→ Records for this task
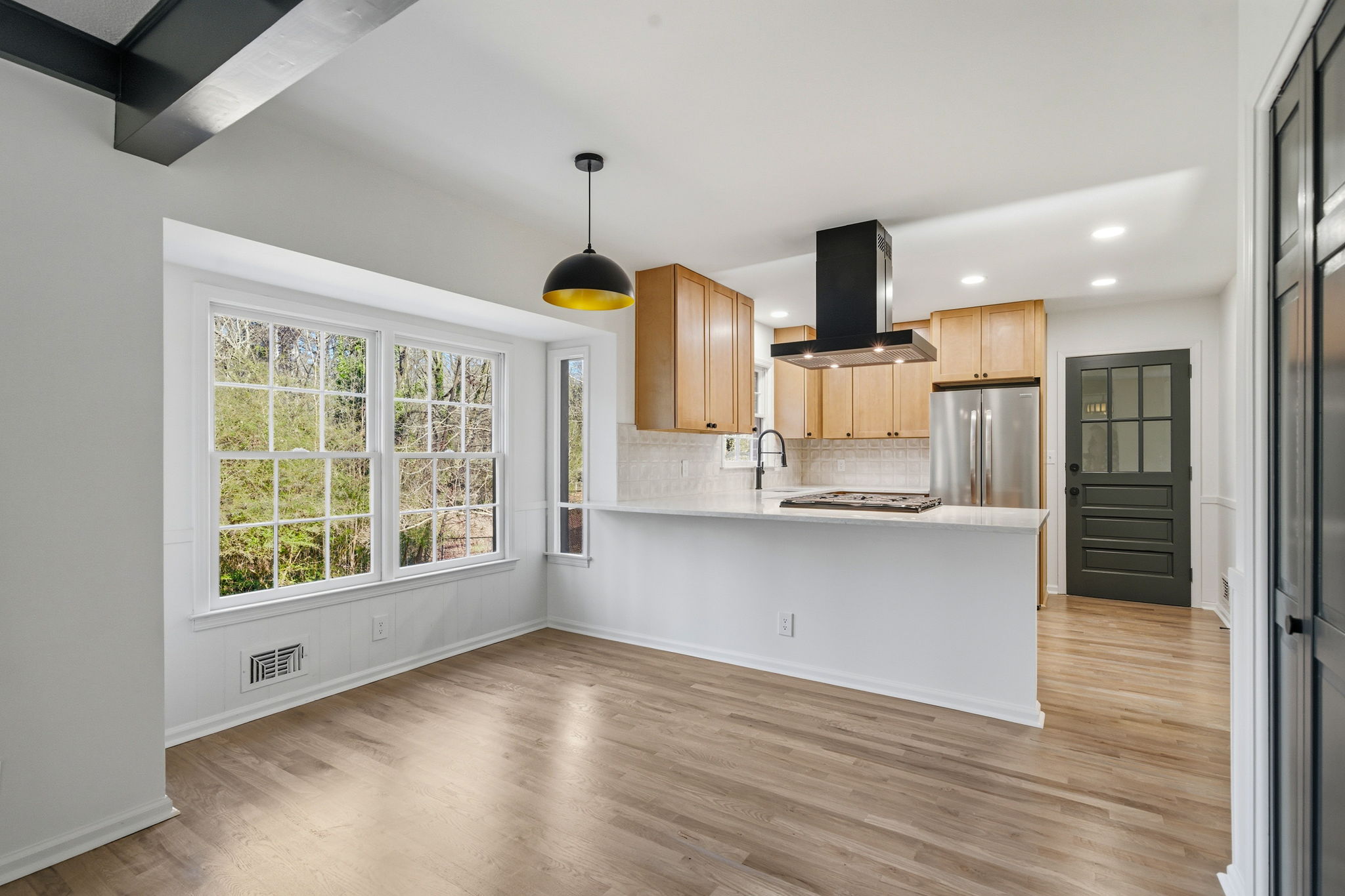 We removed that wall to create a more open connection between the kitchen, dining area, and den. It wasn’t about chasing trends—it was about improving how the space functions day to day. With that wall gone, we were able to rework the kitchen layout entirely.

==

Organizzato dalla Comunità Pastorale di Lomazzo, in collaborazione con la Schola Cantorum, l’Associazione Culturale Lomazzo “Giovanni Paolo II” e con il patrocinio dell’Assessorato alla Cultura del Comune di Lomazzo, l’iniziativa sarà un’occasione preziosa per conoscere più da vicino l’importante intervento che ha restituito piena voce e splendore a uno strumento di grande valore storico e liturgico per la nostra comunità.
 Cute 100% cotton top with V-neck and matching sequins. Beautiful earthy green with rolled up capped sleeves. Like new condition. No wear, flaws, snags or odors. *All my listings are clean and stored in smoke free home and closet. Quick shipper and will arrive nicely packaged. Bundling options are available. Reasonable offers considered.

--

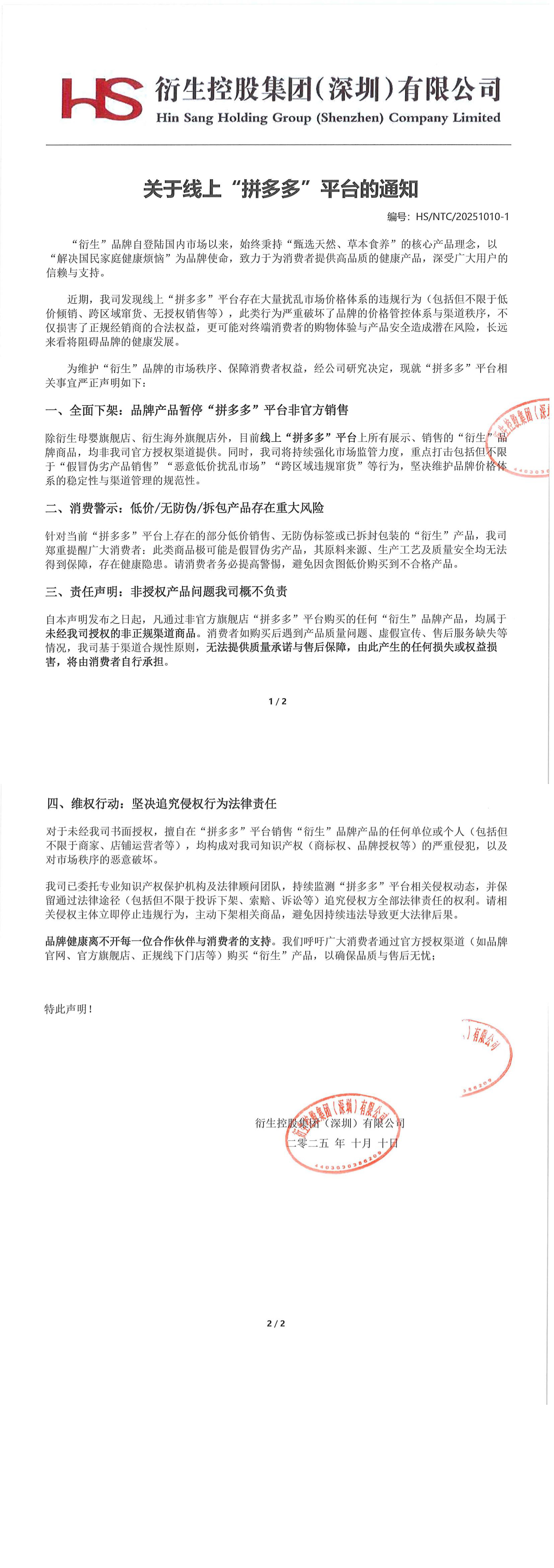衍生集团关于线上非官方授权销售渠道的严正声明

→ Try it
Reproduce only the lines above spanning from the line containing "Organizzato dalla Comunità" through the line containing "Cute 100% cotton", word for word.

→ Solution
Organizzato dalla Comunità Pastorale di Lomazzo, in collaborazione con la Schola Cantorum, l’Associazione Culturale Lomazzo “Giovanni Paolo II” e con il patrocinio dell’Assessorato alla Cultura del Comune di Lomazzo, l’iniziativa sarà un’occasione preziosa per conoscere più da vicino l’importante intervento che ha restituito piena voce e splendore a uno strumento di grande valore storico e liturgico per la nostra comunità.
 Cute 100% cotton top with V-neck and matching sequins. Beautiful earthy green with rolled up capped sleeves. Like new condition. No wear, flaws, snags or odors. *All my listings are clean and stored in smoke free home and closet. Quick shipper and will arrive nicely packaged. Bundling options are available. Reasonable offers considered.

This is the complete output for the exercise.